Text-as-Data Analysis in Political Science: Unlocking Political Insights with New Research Tools

Political Methodology

Big Data

Code:

P025

Director: Michal Parizek

Charles University

Co-Director: Steffen Eckhard

Zeppelin University Friedrichshafen

Date, Time and Location

Tuesday 09:00 – Friday 17:00 (20/05/2025 – 23/05/2025)
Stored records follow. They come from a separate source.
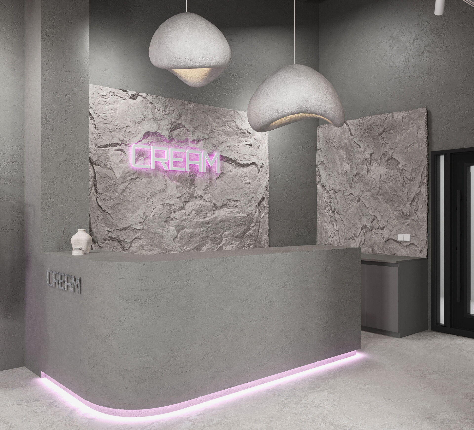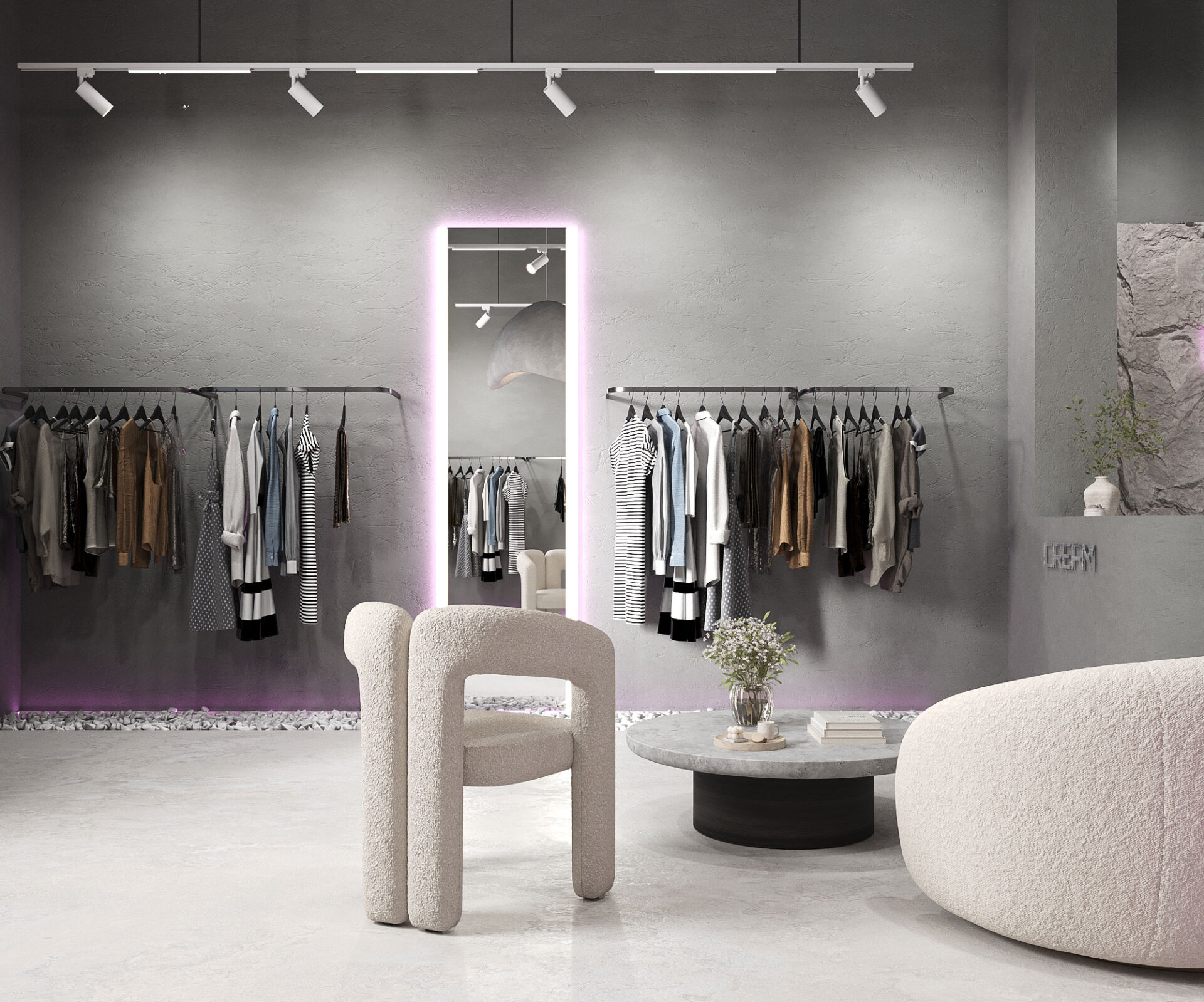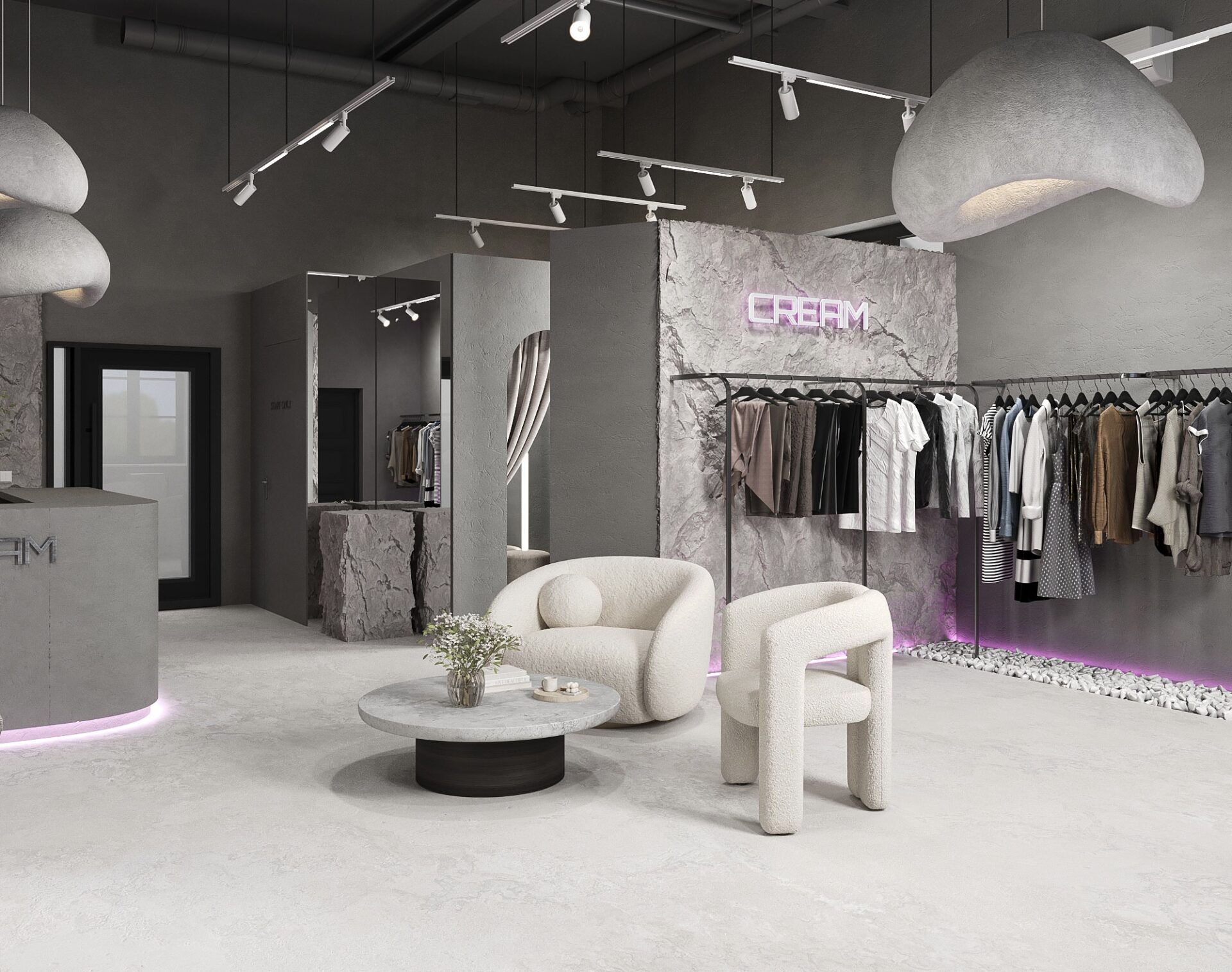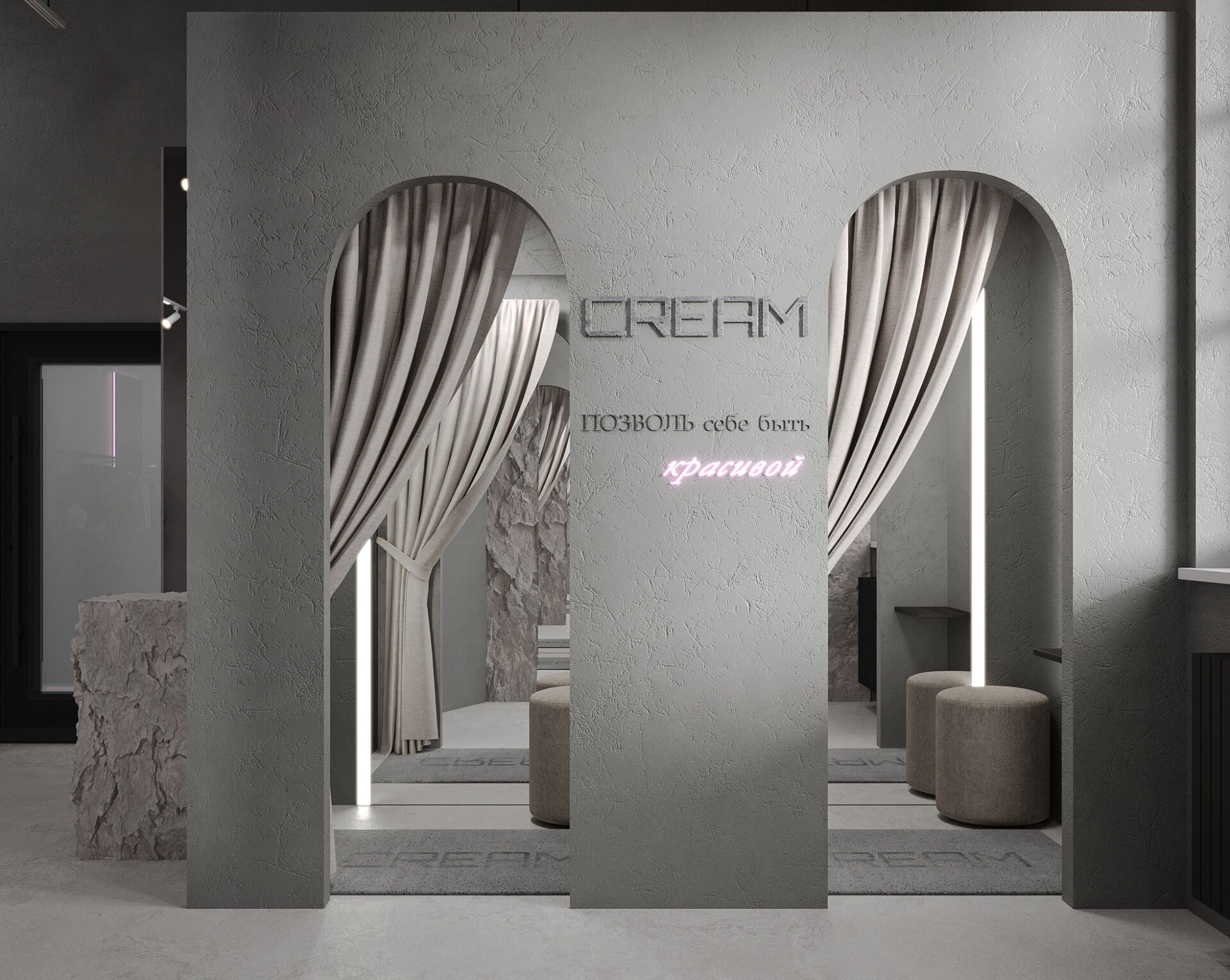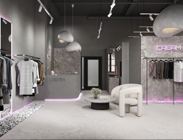 Добро пожаловать в шоурум “CREAM”. Это место, где грубость сочетается с изяществом, а серые тона создают атмосферу утонченного шарма.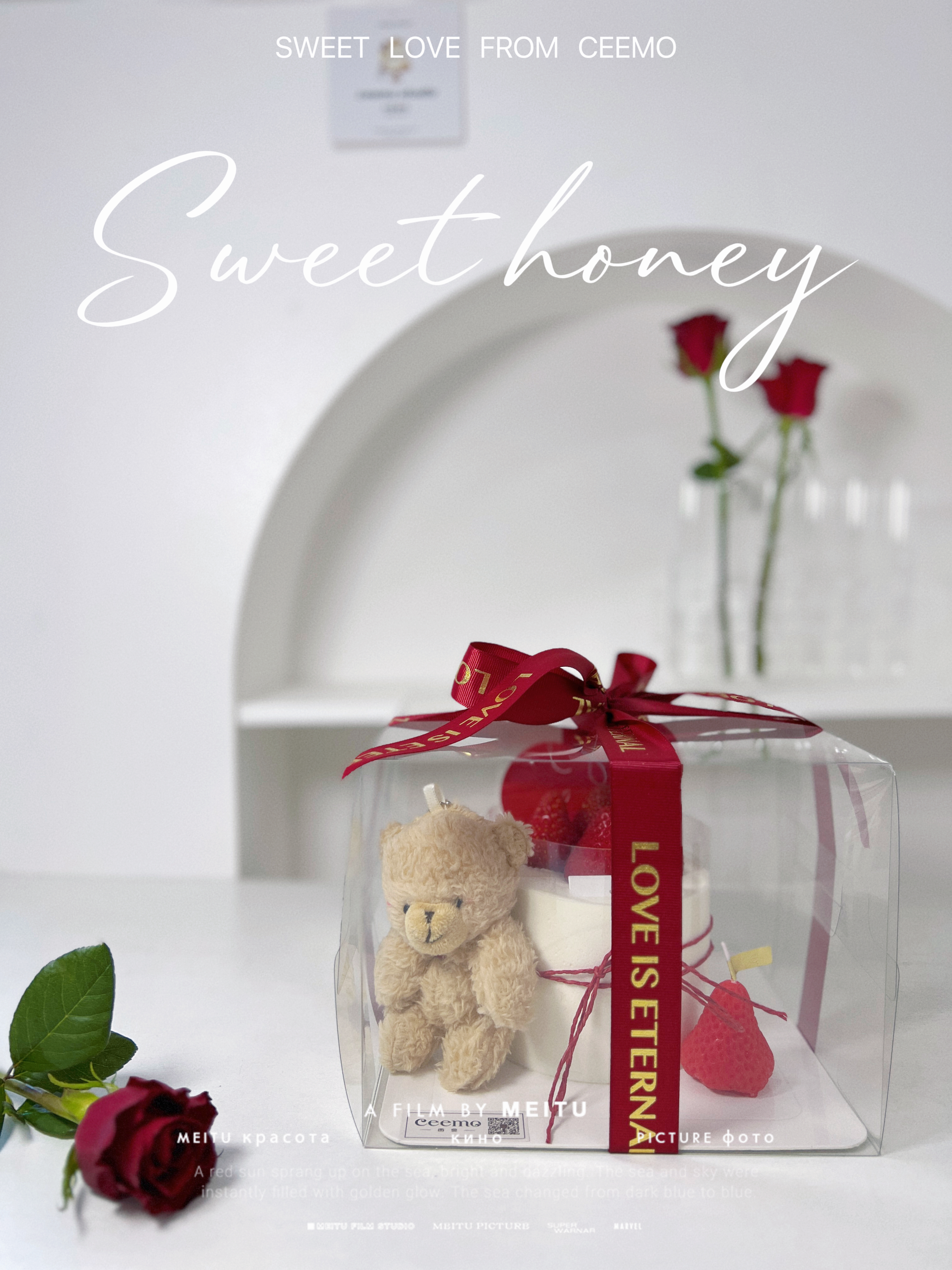 装饰:底托上的草莓为蜡烛可点燃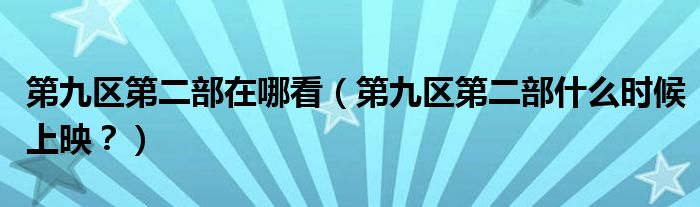 大家好,小安來為大家解答以上問題。第九區第二部在哪看,第九區第二部什么時候上映?很多人還不知道,現在讓我們一起來看看吧!

The workshop explores the rapidly advancing field of natural language processing (NLP), or text-as-data analysis, in political research. Its aim is to bring together researchers from diverse subfields of political science, using varied types of text data, and employing different NLP tools. It investigates how NLP is deployed for ever more nuanced and difficult text-analytical tasks and how it helps address important research questions through novel means. The workshop also explores best practices and standards for the use and validation of the most powerful but also largely opaque NLP tools, including LLMs and generative AI, in political research.

The developments in NLP (text-as-data analysis) over the last decade, and especially the last few years, are transforming political science. They enable researchers to analyse textual data with unprecedented nuance, at scale, across languages, at little cost, and within increasingly user-friendly environments (Grimmer et al 2022). Combined with expanding availability of accessible relevant text data sources, this opens the door for the exploration of new research questions and agendas in political science. Political research has been quick to jump on these opportunities. In comparative politics, international relations, European studies, public administration, and other related fields, researchers deliver important new insights studying data sources such as parliamentary records, social and news media, legal regulations, and verbatim speeches on an unprecedented scale (eg Eckhard et al. 2024; Heidenreich et al., 2019; Martin and McCrain 2019; Rauh 2023; Parizek 2024). Robust methodological literature rapidly advances politics-focused NLP research (eg Baden et al., 2022; Benoit et al., 2019; Rodriguez and Spirling 2022; Watanabe 2021). We are moving from lexicon-based analysis to the use of language models that are on par with trained human annotators on nuanced coding tasks (Gilardi et al. 2023). As a result, the number of political scientists engaged with NLP, not the least junior scholars, is growing fast. An active exchange oriented around substantive research questions, as well as methodological innovations is needed. Importantly, the discipline also needs a robust discussion about best practices and standards for the use, and in particular for the validation, of NLP tools.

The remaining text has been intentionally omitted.